An Introduction to ‘The Day the Revolution Began: Rethinking the meaning of Jesus’ crucifixion’
I use the word ‘introduction’ advisedly. I think I can accomplish this in one article. A ‘review’ would take longer and may never be done.
The book is by Tom Wright. He is Research Professor of New Testament and Early Christianity at the University of St Andrews. He has written many books, but for the purposes of this article, we mention the series The Bible for Everyone, co-written with John Goldingay, as commentaries on the New Testament books. Clearly the writer is not satisfied to write academic texts for colleagues in other ivory towers. He wants to address lay readers, whether churchgoers or ‘outsiders’ curious about what contemporary religious teachers might think about the serious questions of the day.
The book is organised into four sections: Introduction, The Stories of Israel, The Revolutionary Rescue (focused on the Gospels and Paul’s letters with focus on Romans), and The Revolution Continues (the Holy Spirit and the continuing life of the church).
As a teacher, Wright introduces what each section is about, and then concludes summing up what has been said. If you get lost in the middle – and I certainly did especially in the exposition of Paul’s theologising in Romans – you will be enlightened by the closing summaries.

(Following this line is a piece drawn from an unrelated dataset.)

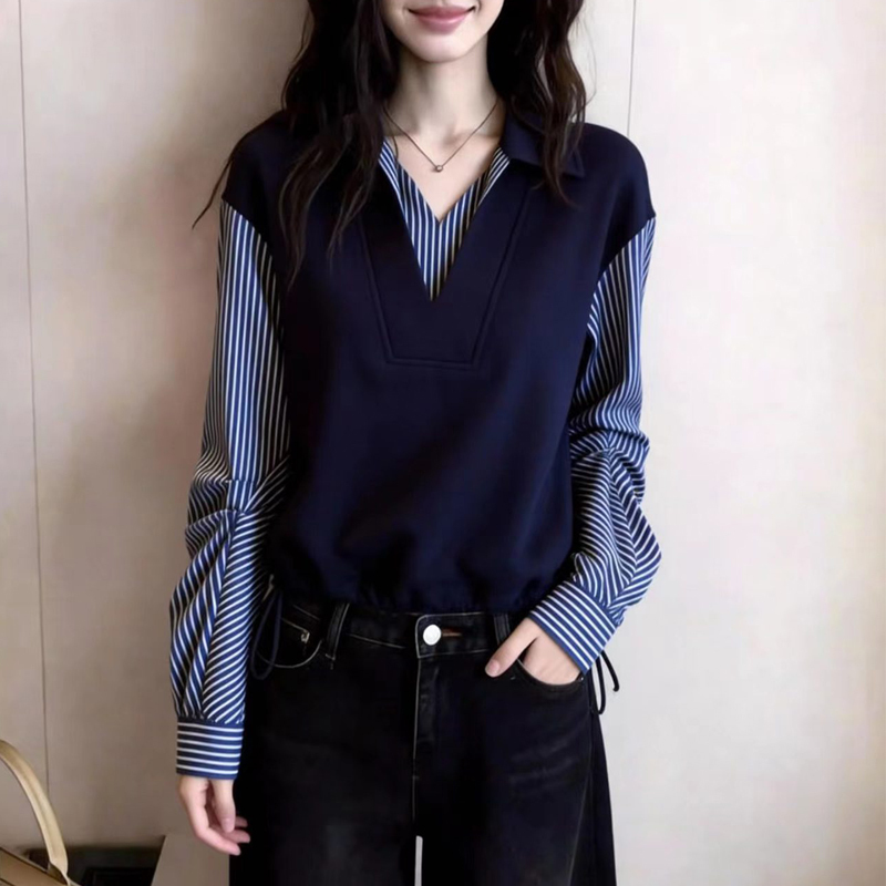 Stitched stripe contrast fake two-piece navy blue sleeve blouse

While the subtitle suggests the book is about the Cross as ‘atonement’, the writer avoids using this word if possible. As he writes: ‘I shall use the word sparingly as my argument proceeds…I want to try to promote the focus on the ultimate question, the question has to do with the launch of the revolution. By six in the evening on the first Good Friday, according to the early Christians, the world was a different place. What was different? Why was it different? And how might that revolutionary difference challenge us today, summoning us to our own vocation as followers of the shameful, scandalous crucified Jesus?’
This book is about more than the Cross as ‘saving me from my sins so that I can go to heaven’, though the writer doesn’t dismiss this completely. It is a revolutionary idea! But it demands a much deeper understanding. As suggested in the outline of the four sections, ‘atonement’ unwraps the history and stories of the Jewish people, offers the insights of the Prophets and the poetry of the Psalms. And that’s just the Old Testament. Four gospel writers give a multi-faceted portrait of Jesus’ life and teachings, while the gospel of John and writings from Paul lay the theological groundwork to a reasoned Trinitarian faith.

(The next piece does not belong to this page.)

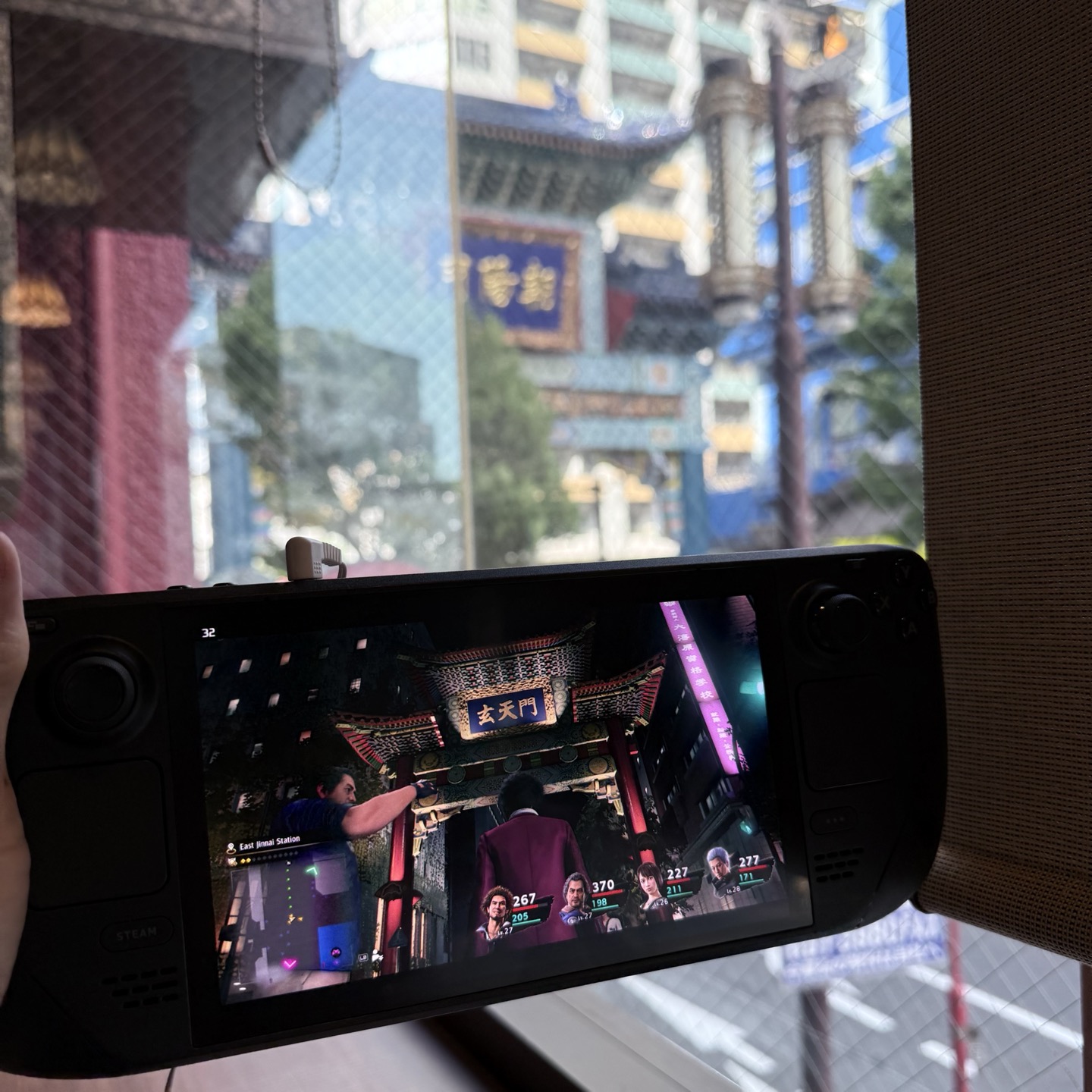 Was hunkered down at a cafe in Yokohama's Chinatown earlier this week while waiting for Becky to finish a workout and looked up from my Steam Deck to notice I was simultaneously standing under the same gate in Like a Dragon: Yakuza's

While the scholar John Dominic Crossan gives us a symbolic interpretation of the Cross, Tom Wright argues for a historic basis. Both scholars have shared publications, stating where there is both agreement and disagreement. Or, to put it more kindly, where there is room for further thought and discussion.

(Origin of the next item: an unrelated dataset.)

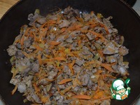 Печенку мелко нарезать. И добавить к луку с морковкой. Посолить и добавить специи. Готовить 15 минут, помешивая. |

In my preparation for lay preaching, I’ll find more depth of meanings in this book.
I conclude by quoting some concluding words, which have a poetic ring that strongly appeals: ‘We lift up our eyes and realise that when the New Testament tells us the meaning of the cross, it gives us not a system, but a story; not a theory but a meal and an act of humble service; not a celestial mechanism for punishing sin and taking people up to heaven, but an earthly story of a human Messiah who embodies and incarnates Israel’s God and who unveils his glory in bringing his kingdom to earth as in heaven. The Western church – and we’ve all gone along with this – has been so concerned with getting to heaven, with sin as the problem blocking the way, and therefore with how to remove sin and its punishment, that it has jumped straight to passages in Paul that can be made to serve that purpose. It has forgotten that the gospels are replete with atonement theology, through and through – only they give it to us not as a neat little system, but as a powerful. sprawling, many-sided, richly revelatory narrative in which we are invited to find ourselves, or rather to lose ourselves and to be found again on the other side. We have gone wading in the shallow and stagnant waters of medieval questions and answers, taking care to put on the right footwear and not lose our balance, when only a few yards away is the vast and dangerous ocean of the gospel story, inviting us to plunge in and let the wild waves of dark glory wash us, wash over us, through and through, and land us on the shore of God’s new creation.
The message for us, then, is plain. Forget the ‘works contract’ with an angry, legalistic divinity. Forget the false either/or that plays different ‘theories of atonement’ against one another. Embrace the ‘covenant of vocation’ or, rather, be embraced by it as the Creator calls you to a genuine humanness at last, calls and equips you to bear and reflect his images. Celebrate the revolution that happened once and for all when the power of love overcame the love of power. And, in the power of that same love, join in the revolution here and now.’